District in Gambela Region, Ethiopia

Godere is a woreda in Gambela Region, Ethiopia. Part of the Mezhenger Zone, Godere is bordered on the south and east by the Southern Nations, Nationalities and Peoples Region (SNNPR), and on the west by Mengesh. The largest town in Godere is Meti.

== Overview ==
Godere encompasses the headwaters of the Gilo River, thus its terrain is predominantly hilly, unlike the rest of Gambela. According to the Atlas of the Ethiopian Rural Economy published by the Central Statistical Agency (CSA), this woreda has an average elevation of between 500 and 1000 meters with an average slope between 2 and 4%; over 40% of the area is covered with forest.

The economy of Godere is predominantly agricultural. There are no agricultural cooperatives, no documented roads, and little other infrastructure.

== History ==
At the start of the Federal Democratic Republic of Ethiopia, Godere was the only woreda of the Administrative Zone 4 and thus considered a Special woreda; however between 1994 and 2001 Godere was made part of the Administrative Zone 2. Subsequently, but before 2007, a number of kebeles were split off to create Mengesh; both woredas became the Mezhenger Zone.

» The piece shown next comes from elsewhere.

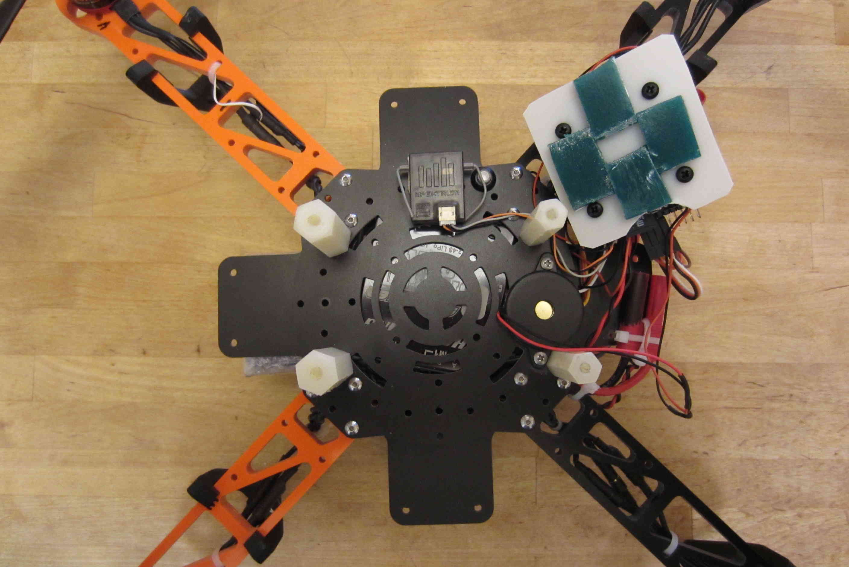 - Adhere the rectangle to the center of the top of the frame with the servo connector facing to the rear (between the black frame arms).

A 2002 United Nations Emergency Unit for Ethiopia assessment report mentions increasing conflict between the Mezhenger and Sheko in the neighboring Yeki woreda of the SNNPR, which spilled over into Godere.

== Demographics ==
Based on the 2007 census conducted by the CSA, this woreda has a total population of 38,781, of whom 19,928 are men and 18,853 women; with an area of 592.75 square kilometers, Godere has a population density of 65.43, which is greater than the Zone average of 26.28 persons per square kilometer. Reportedly 7,140 or 18.41% are urban inhabitants. A total of 9,752 households were counted in this woreda, which results in an average of 4.0 persons to a household, and 9,494 housing units. The majority of the inhabitants said they practised Ethiopian Orthodox Christianity, with 42.12% of the population reporting they observed this belief, while 34.98 were Protestant, and 20.83% were Muslim.

According to the 1994 national census, the woreda's population was reported to be 32,232 in 9,134 households, of whom 17,443 were men and 14,789 women; 3,173 or 9.84% of the population were urban inhabitants. The five largest ethnic groups of the region were the Amhara (24.48%), Mezhenger (23.63%), Kafficho (20.78%), Oromo (12.57%), the Mocha (9.57%), and Tigray (3.18%); all other ethnic groups made up 5.8% of the population. Amharic was spoken as a first language by 26.94%, 23.62% spoke Majang, 19.47% Kafa, 12.53% Oromiffa, and 9.16% Mocha; the remaining 8.28% spoke all other primary languages reported. The majority of the inhabitants said they professed Ethiopian Orthodox Christianity, with 51.71% of the population reporting they embraced that belief, while 24.49% were Protestant, 15.71% were Muslim, 3.31% practiced traditional religions, and 3.13% were Catholic.